16 In that respect, they have failed and I am satisfied, without any doubt, that they have knowingly failed to meet their obligations. In those circumstances, in my opinion, it is appropriate to impose a penalty in a monetary sum which should be a total sum of $50,000.
17 After the evidence and submissions were concluded in this matter yesterday and it was plain that the alleged contempts had been proven, I discussed with counsel what arrangements, if any, might be made, apart from the question of penalty, which would ensure that the premises operated in the future, in accordance with the obligations imposed by the conditions. Almost as soon as the question was raised, an offer was made by the respondents to engage a manager to supervise the future operation of the premises and ensure that it complied with the conditions. That offer has now been reduced to a written document expressed as an undertaking which provides for the engagement of a manager and also for an environmental consultant to be engaged to assist in ensuring that the obligations imposed by the consent are honoured. In my opinion, this is a significant, and will be a costly, offer but one which, in my opinion, if the activities are to continue on the present site for any period of time, is appropriate.
18 Having regard to that offer, I believe it appropriate to suspend the obligation to pay that penalty sum for a period of time.

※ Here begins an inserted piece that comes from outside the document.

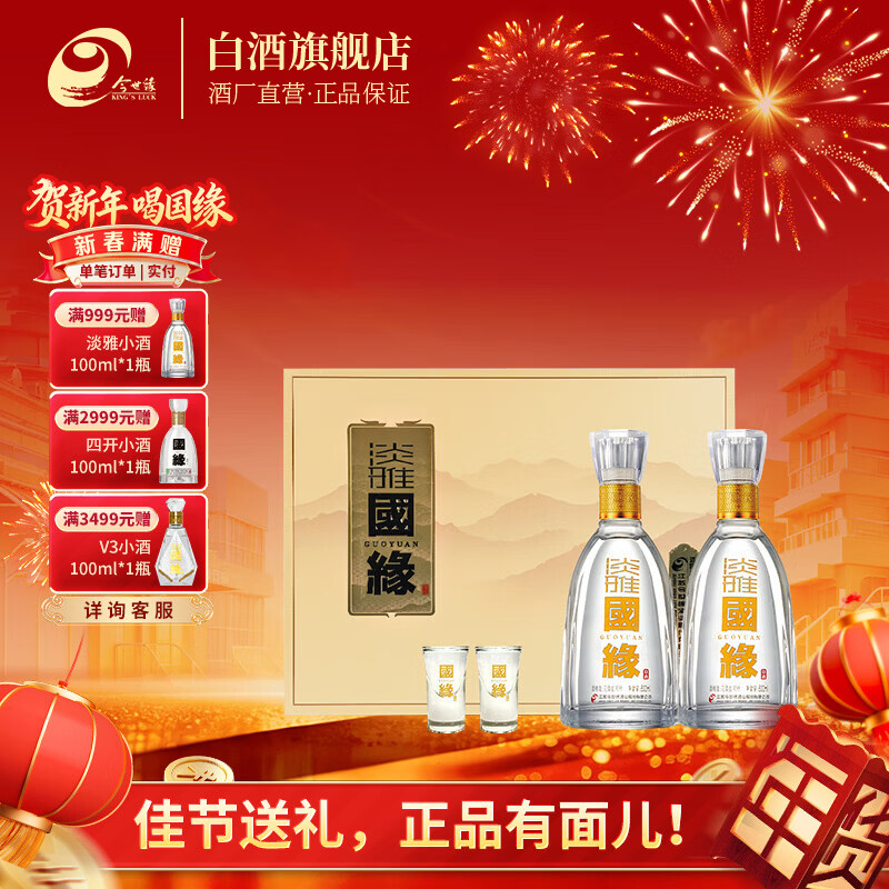 旗舰店今世缘国缘淡雅礼盒 送礼商务宴请节日白酒江苏 42度 500mL 2瓶 礼盒装

If, during that period, the proposed regime is implemented and, accordingly, the premises operate in a satisfactory fashion, I would entertain an application that the respondents be relieved of either the whole or part of their obligations in relation to the penalty sum.
19 I will formally note that I am satisfied that the contempt, as alleged, has been proven in relation to both respondents. I note the undertaking from the respondents to employ a manager and an environmental consultant to supervise the future operation of the premises. Although I have indicated that, in my opinion, a penalty of $50,000 would be appropriate, I will defer passing sentence in relation to matters of penalty for a period at this stage of three months which takes us to 5 April 2005 at 9.15am. I give liberty to either party to apply on two days notice.
20 I order the respondents to pay the applicant's costs of these contempt proceedings.